NeMo Retriever extraction is typically deployed as a cluster of containers for robust, scalable production use.

Note

NeMo Retriever extraction is also known as NVIDIA Ingest and nv-ingest.

In addition, you can use library mode, which is intended for the following cases:

  • Local development
  • Experimentation and testing
  • Small-scale workloads, such as workloads of fewer than 100 documents

By default, library mode depends on NIMs that are hosted on build.nvidia.com. In library mode you launch the main pipeline service directly within a Python process, while all other services (such as embedding and storage) are hosted remotely in the cloud.

To get started using library mode, you need the following:

  • Linux operating systems (Ubuntu 22.04 or later recommended) or MacOS
  • Python 3.12
  • We strongly advise using an isolated Python virtual env, such as provided by uv or conda

Step 1: Prepare Your Environment

Use the following procedure to prepare your environment.

  1. Run the following code to create your NV Ingest Conda environment.

       uv venv --python 3.12 nvingest && \
         source nvingest/bin/activate && \
         uv pip install nv-ingest==26.1.1 nv-ingest-api==26.1.1 nv-ingest-client==26.1.1 milvus-lite==2.4.12
    

    Tip

    To confirm that you have activated your Conda environment, run which python and confirm that you see nvingest in the result. You can do this before any python command that you run.
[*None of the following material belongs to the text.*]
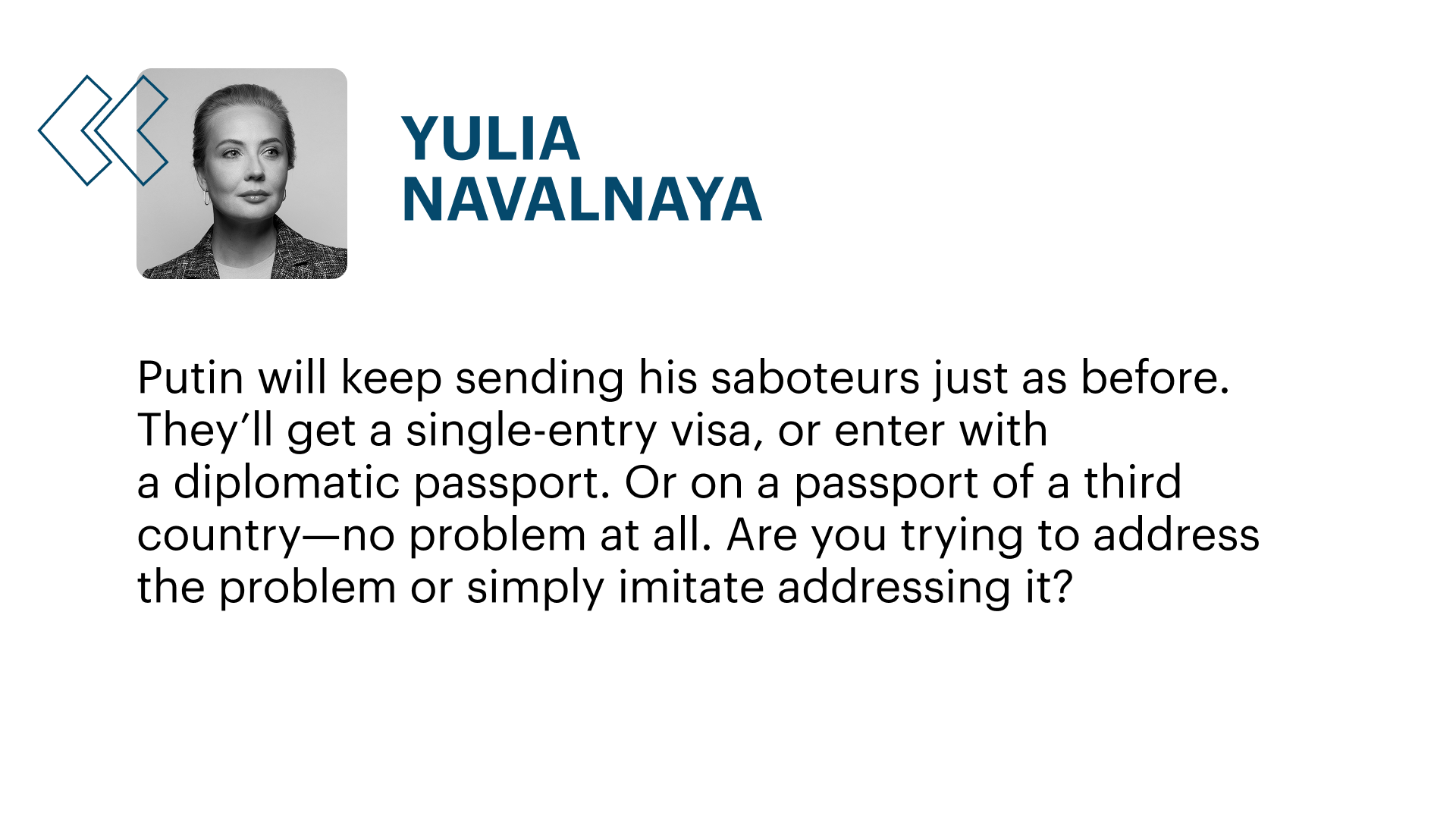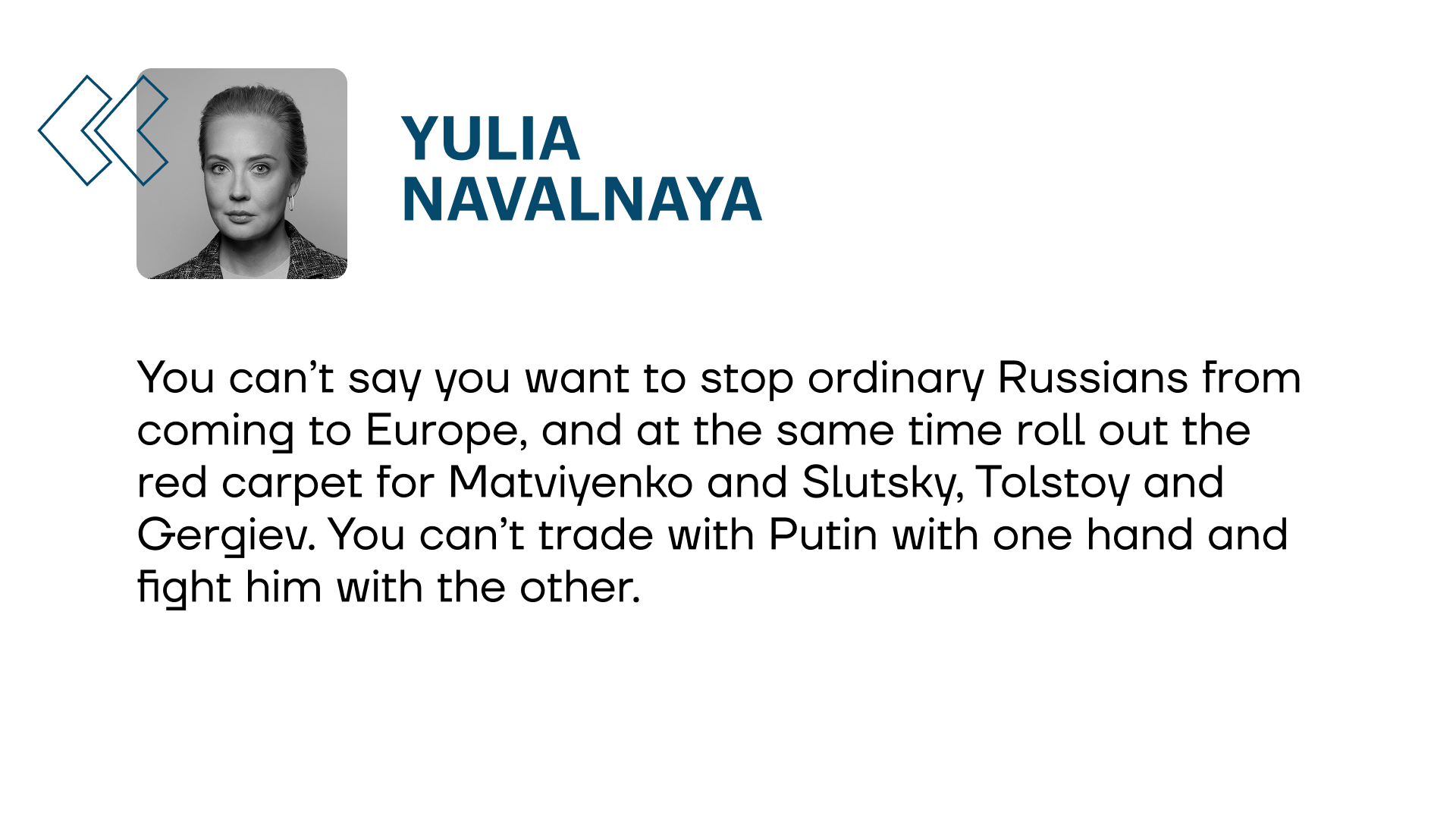 Yulia Navalnaya criticises the policy of double standards, where ordinary Russians are restricted while Putin’s officials and oligarchs continue to travel and trade with Europe:

  2. Set or create a .env file that contains your NVIDIA Build API key and other environment variables.

    Note

    If you have an NGC API key, you can use it here. For more information, refer to Generate Your NGC Keys and Environment Configuration Variables.

    • To set your variables, use the following code.

      export NVIDIA_API_KEY=nvapi-<your key>
      
      - To add your variables to a .env file, include the following.

      NVIDIA_API_KEY=nvapi-<your key>
      

Step 2: Ingest Documents

You can submit jobs programmatically by using Python.

Tip

For more Python examples, refer to NV-Ingest: Python Client Quick Start Guide.

If you have a very high number of CPUs, and see the process hang without progress, we recommend that you use taskset to limit the number of CPUs visible to the process. Use the following code.

taskset -c 0-3 python your_ingestion_script.py

On a 4 CPU core low end laptop, the following code should take about 10 seconds.

import time

from nv_ingest.framework.orchestration.ray.util.pipeline.pipeline_runners import run_pipeline
from nv_ingest_client.client import Ingestor, NvIngestClient
from nv_ingest_api.util.message_brokers.simple_message_broker import SimpleClient
from nv_ingest_client.util.process_json_files import ingest_json_results_to_blob

def main():
    # Start the pipeline subprocess for library mode
    run_pipeline(block=False, disable_dynamic_scaling=True, run_in_subprocess=True)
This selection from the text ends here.